Part 3: First DNA Twist Order

Week 9 HW: Cell-Free Systems

Part A: General and Lecturer-Specific Questions

Advantages of cell-free protein synthesis (CFPS) over in vivo expression

  1. Greater experimental control
  2. Open reaction environment
  3. Faster design-build-test cycles
  4. Toxic protein production
  5. Better access to non-natural chemistry
  6. Easier monitoring and automation

Cases where cell-free expression is more beneficial than cell production

Case 1: Toxic proteins Example:

  • pore-forming membrane proteins
  • antimicrobial peptides
  • viral toxins

In vivo expression may kill the host, reduce growth, and cause plasmid instability.

Case 2: Rapid prototyping of genetic circuits CFPS allows same-day testing without cloning into cells:

  • promoters
  • ribosome binding sites
  • regulatory networks

Main components of a cell-free expression system

  1. Cell lysate (extract): ribosomes, tRNAs, translation factors, aminoacyl-tRNA synthetases, metabolic enzymes
  2. DNA or mRNA template: promoter, ribosome binding site, coding sequence, terminator
  3. Amino acids
  4. Energy source: phosphoenolpyruvate (PEP), creatine phosphate, glucose, maltodextrin
  5. Nucleotides
  6. Salts and cofactors
  7. Optional additives: chaperones, detergents, liposomes, disulfide bond catalysts, protease inhibitors

Why energy regeneration is critical

Protein synthesis is extremely energy intensive. Each peptide bond formation requires ATP, GTP, tRNA charging, and ribosome translocation. Energy sources are rapidly depleted during protein synthesis, and accumulation of inorganic phosphate due to their cleavage additionally inhibits reactions.

Example method for continuous ATP supply Phosphoenolpyruvate (PEP) regeneration system

PEP + ADP → Pyruvate + ATP (requires pyruvate kinase)

This is a simple method for fast ATP regeneration commonly used in CFPS. Although it is relatively expensive and does not solve phosphate accumulation-induced inhibition of synthesis.

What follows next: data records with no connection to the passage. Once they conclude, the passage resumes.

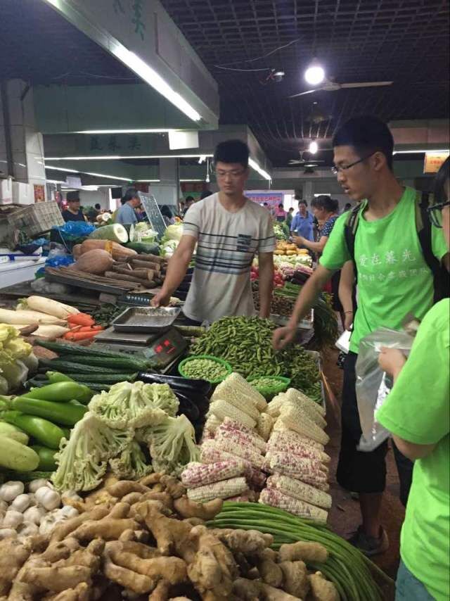 2016年7月6日,“爱在暮光小手牵大手”关爱社区老人志愿服务团按照预定计划,准备为虹桥社区惠乐邻里餐厅的老人做一顿丰盛的午餐。为了买到新鲜的食材,大早6:30所有队员们来到虹桥菜市场,分成两组采办食材,根据周三的菜谱,队员们购买了青菜、香菇、豆腐、土豆、黄瓜、猪肉等,一同前往惠乐邻里餐厅。
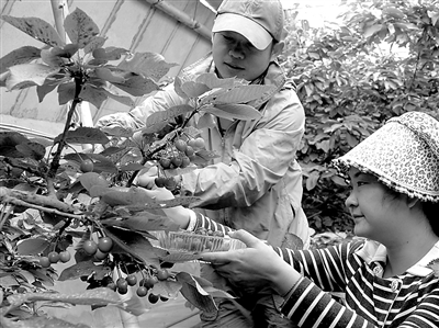 4月14日,在新疆生产建设兵团十三师农科所的实验大棚,一株株3米多高的美国大樱桃树挂满了果实,吸引不少游客前来采摘。农技人员介绍说,一座大棚种植150棵樱桃树,销售额可达14万元。
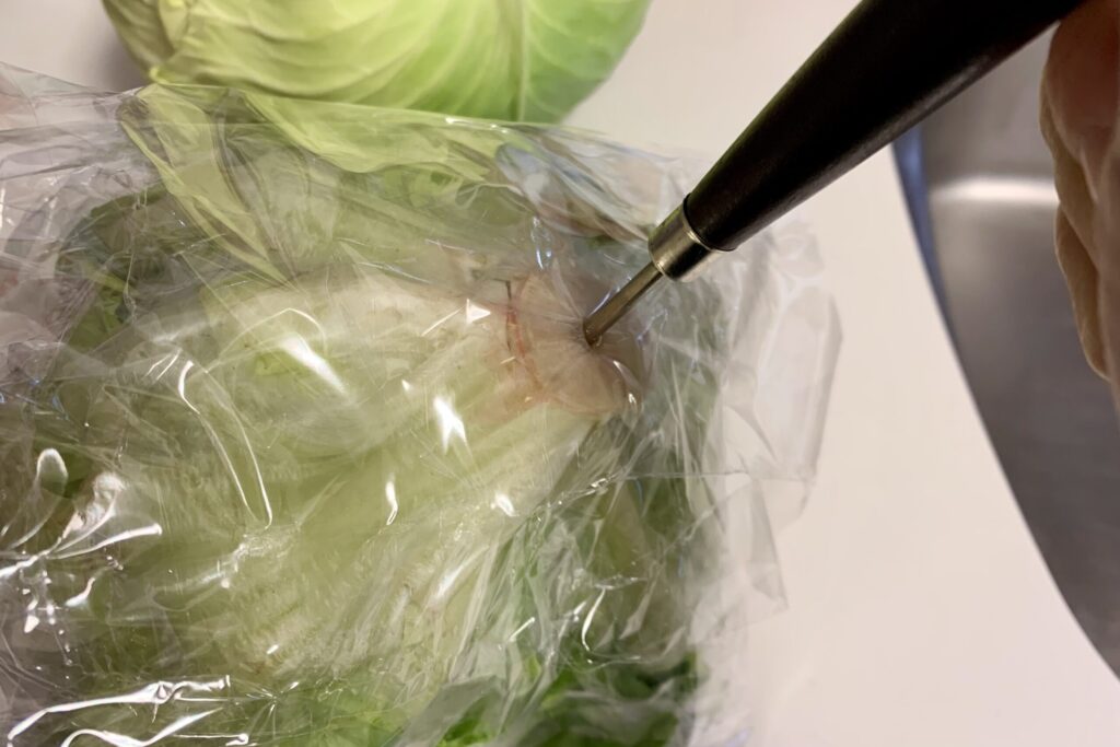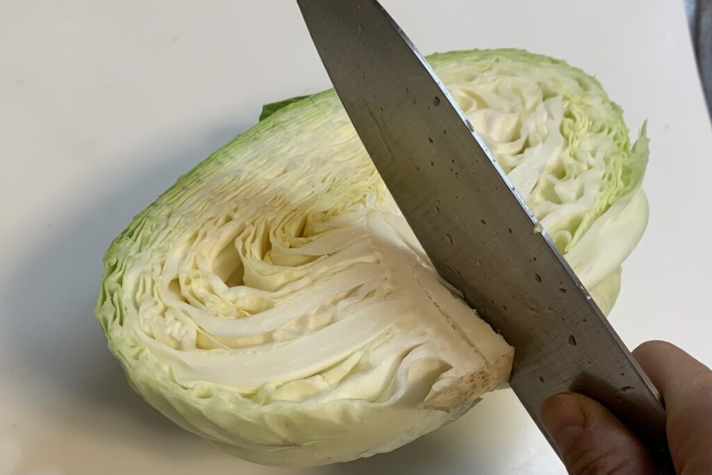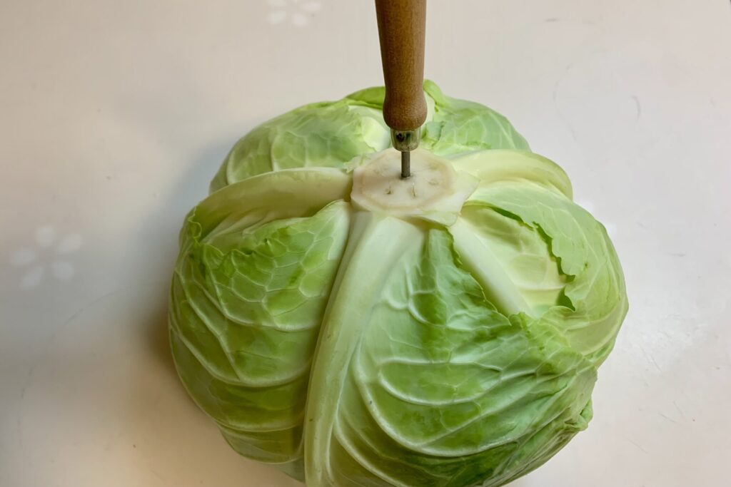 硬いキャベツの芯は、穴を広げるように少しずつ回ながら刺すと抜けやすいです。
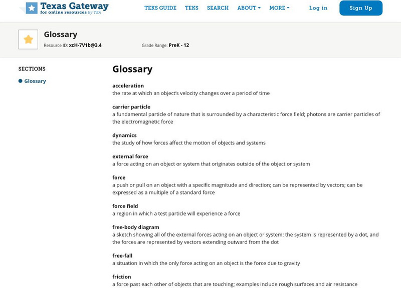 Texas Gateway: Glossary for Forces and Newton's Laws
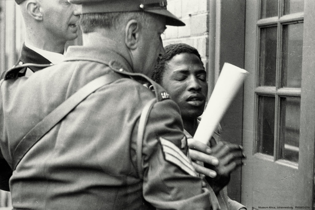 Photojournalist Peter Magubane being arrested by police while covering violence in Alexandra township during the Struggle against Apartheid.
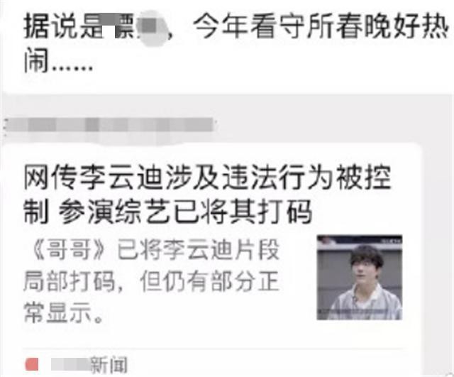 网友纷纷猜测警方通报的就是李云迪,年龄也一模一样。而且早些时候,便传出了李云迪涉黄被控制的消息。当时还有大V博主称李云迪是被吴某透露的消息,之后,李云迪参加的综艺节目《披荆斩棘的哥哥》也对李云迪出现的画面进行了打码。
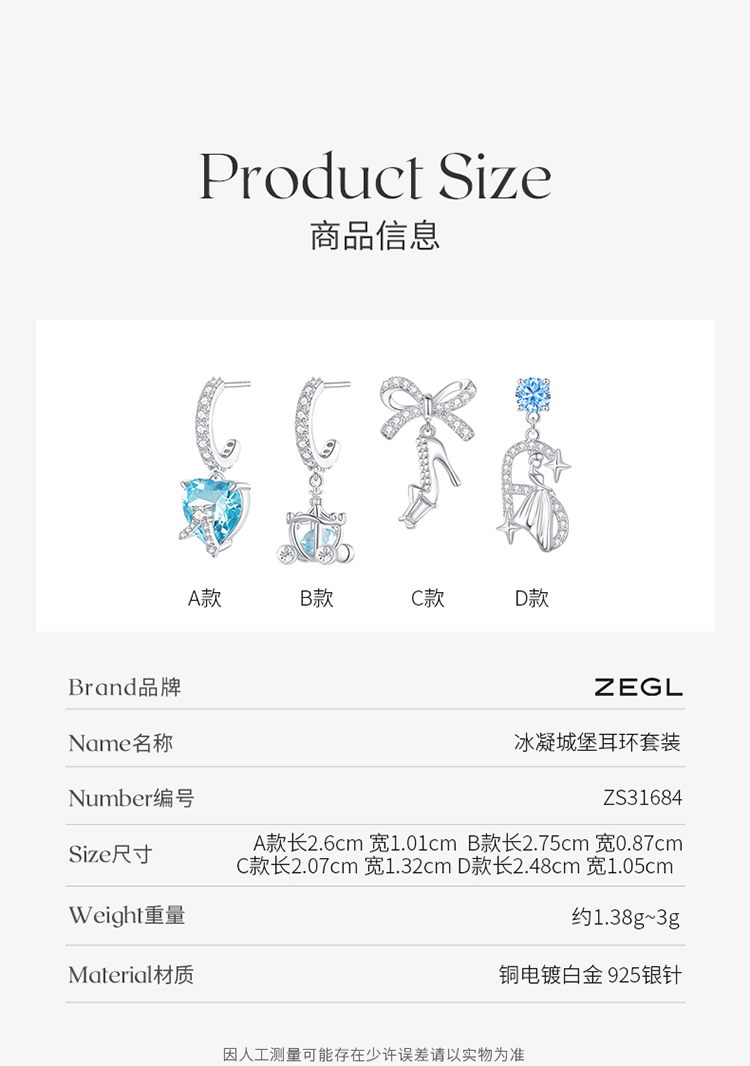 ZEGL设计师冰凝城堡系列蝴蝶结爱心耳环女设计感耳钉银针秋冬耳饰

Prokaryotic vs. eukaryotic cell-free systems

FeatureProkaryotic CFPSEukaryotic CFPS
SpeedFastSlower
YieldHighModerate
CostLowerHigher
Post-translational modificationsLimitedMore complete
Folding complexityLowerBetter for complex proteins
Common sourceE. coli lysateWheat germ, rabbit reticulocyte, insect, mammalian

Prokaryotic CFPS are ideal for proteins with simple folding and no glycosylation needed, which also express highly in E. coli: e.g. GFP. In this case, there are no obstacles for choosing this inexpensive and fast method.

Human monoclonal antibodies, such as IgG, require disulfide bonds, glycosylation and complex folding. Eukaryotic CFPS provide ER-like folding conditions, post-translational modifications and better assembly.

Designing a CFPS experiment for membrane protein expression

Membrane proteins are difficult because they tend to aggregate, misfold, and precipitate outside membranes. Also, they contain hydrophobic domains.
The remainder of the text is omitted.